Moja szwagierka nienawidziła mnie od pierwszego dnia, a ja odwzajemniałam jej uczucia.

Razem z mężem jesteśmy szczęśliwymi posiadaczami dwóch mieszkań naraz: pierwsze mieszkanie zostawiłam sobie w spadku po babci, a drugie — kupiliśmy razem z mężem. Oczywiście mąż nie ma żadnych praw do mojego mieszkania.

Wynajmowaliśmy to mieszkanie, a pieniądze, które z tego tytułu otrzymywaliśmy, przeznaczaliśmy na spłatę kredytu hipotecznego za mieszkanie, które wspólnie kupiliśmy. Mamy jeszcze nieco ponad trzy lata na spłatę.

W urodziny szwagierki zebrali się wszyscy krewni męża: mama, dwie babcie, ciotki, wujkowie oraz kuzyni i bracia. Przez długi czas nie mogliśmy zrozumieć, dlaczego wszyscy krewni uścisnęli dłoń męża ze słowami: "Jesteś wspaniałym bratem, twoja hojność nie ma granic!"

Mąż zawsze ostrożnie badał kopertę z pieniędzmi, którą przygotowaliśmy dla jego siostry, ponieważ ani on, ani ja nie uważaliśmy kwoty 500 złotych za tak zaporową hojność. Jednak wszystko stało się jasne po słowach teściowej:

"Synku! Twoja siostra ma dzisiaj urodziny — kończy trzydzieści lat, więc podarujesz jej jedno mieszkanie, bo i tak masz dwa, sam wybierzesz, które podarujesz siostrze."

Po zakończeniu przemowy teściowej rodzina zaczęła dawać mojemu mężowi owację na stojąco, wszyscy krewni szeptali i rzucali pełne podziwu spojrzenia na mojego męża.

Oboje z mężem zaniemówiliśmy w tym momencie i nie mogliśmy wydusić z siebie ani słowa. Wtedy moja szwagierka przyłączyła się do całego spektaklu i powiedziała:

"Nie mam nic przeciwko nowemu budynkowi! Kiedy planujesz się wyprowadzić?"

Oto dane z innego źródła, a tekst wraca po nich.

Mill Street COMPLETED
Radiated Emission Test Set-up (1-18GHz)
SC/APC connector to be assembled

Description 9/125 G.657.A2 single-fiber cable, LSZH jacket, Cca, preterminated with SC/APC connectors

Spojrzałam na męża i zdecydowałam, że lepiej wziąć sprawy w swoje ręce:

"Nie planowaliśmy się wyprowadzać! Nie uważasz, że mieszkanie jest za drogie? Zastanawiałam się też, dlaczego uważasz, że mój mąż ma dwa mieszkania"

"Wyremontował mieszkanie twojej babci, więc to jego mieszkanie! A ty myślisz inaczej? To nasz zwyczaj, że mężczyźni są właścicielami nieruchomości! Jeśli jesteś członkiem naszej rodziny, musisz przestrzegać tej zasady" - powiedziała teściowa z nieskrywaną arogancją w głosie.

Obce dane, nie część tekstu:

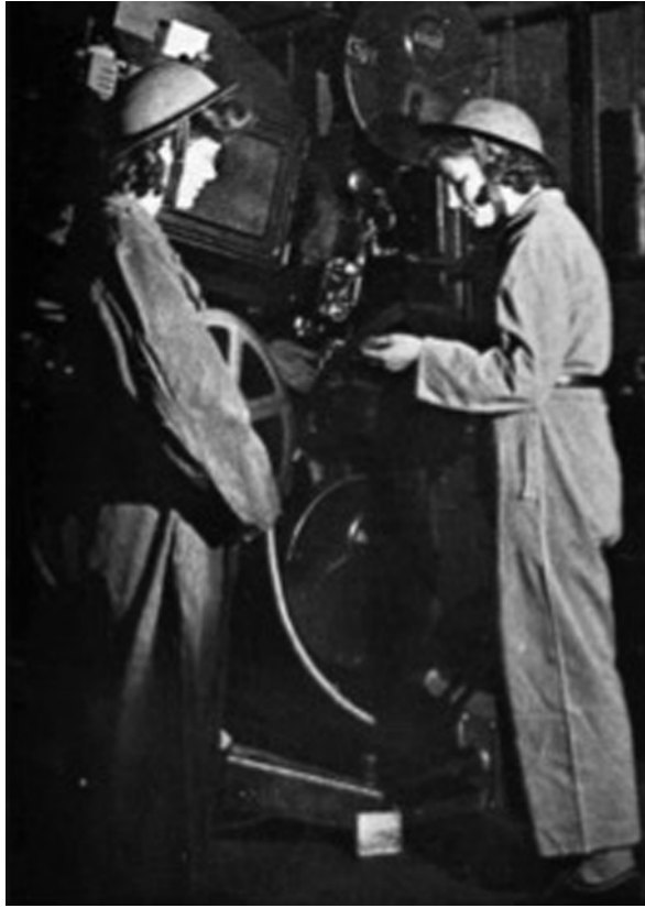
FIGURE 3. Two women operators at the Granada Harrow, London, thread the projector while wearing practical overalls and hard hats.

during wartime, women filmgoers had “to make sense . . . of a range of representations of themselves: from being inessential to national identity, to being central to it, to threatening to it.” 76 This is true of female operators, for while younger women became “central” to cinema’s continuation in wartime, the trade press represented older women as “inessential” or even “threatening” in their perceived ineptitude. Thus there was always an apparent need—whether owing to a lack of training, youth, or older age—for superior male cinema employees to watch over the projectionettes and uphold dominance. Even the complimentary manager at the Manchester Rialto stated that he had “always [felt] a thrill of admiration” when he watched the women projectionists make changeovers. He claimed that

"Ale solenizantka nie jest mężatką, więc nie może samodzielnie dysponować żadnym majątkiem" - powiedziałam.

"Ojciec weźmie na siebie odpowiedzialność za zarządzanie jej majątkiem" - odpowiedziała moja teściowa.

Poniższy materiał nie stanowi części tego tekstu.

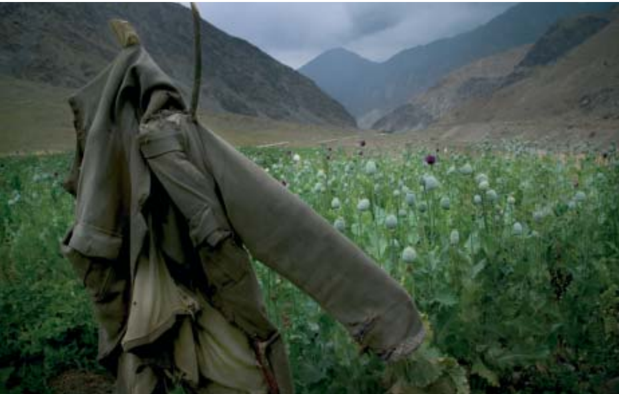
An opium field in Afghanistan

drug users within the country. In 2005, UNODC conducted its first survey of patterns of drug abuse in Afghanistan. The results were troubling, showing a total of around 920,000 drug users, including an estimated 150,000 using opium, 50,000 using heroin and 520,000 using hashish. The total represented around 1.4 per cent of the adult population. In response, UNODC was active in introducing many initiatives to reduce drug abuse and to counter its destructive effects on users.

"Przykro mi, ale nie zamierzałam nikomu oddawać mojego mieszkania!"

Odwróciłam się do męża i powiedziałam: "Możesz im coś powiedzieć?

"Mama ma rację, mamy dwa mieszkania, jedno z nich możemy dać mojej siostrze. Jest samotna i jest jej ciężko, a my zarobimy więcej" - mamrotał mąż.

Rodzina zaczęła bić mu brawo. Zdaję sobie sprawę, że łatwiej jest rozporządzać cudzym mieszkaniem, ale ja nie zamierzałam nikomu dawać swojego spadku.

"Jeśli rozporządzi naszym wspólnym mieszkaniem na korzyść swojej siostry, z nami koniec."

Natychmiast wyraziłam swoje myśli i ze wszystkich stron zarzucano mi, że jestem zbyt chciwa. Mój mąż wpatrywał się w podłogę i milczał.

"Nie ma dla ciebie miejsca w naszej rodzinie! Mój syn się z tobą rozwodzi!" - powiedziała teściowa i spojrzała pytająco na mojego męża. Małżonek skinął głową, zgadzając się.

Okazuje się więc, że na prośbę swojej matki mój małżonek jest gotów mnie porzucić. Nigdy wcześniej nie słyszałam takich bzdur. Wstałam od stołu i powiedziałam:

"Walcie się wszyscy!" - i wyszłam z restauracji.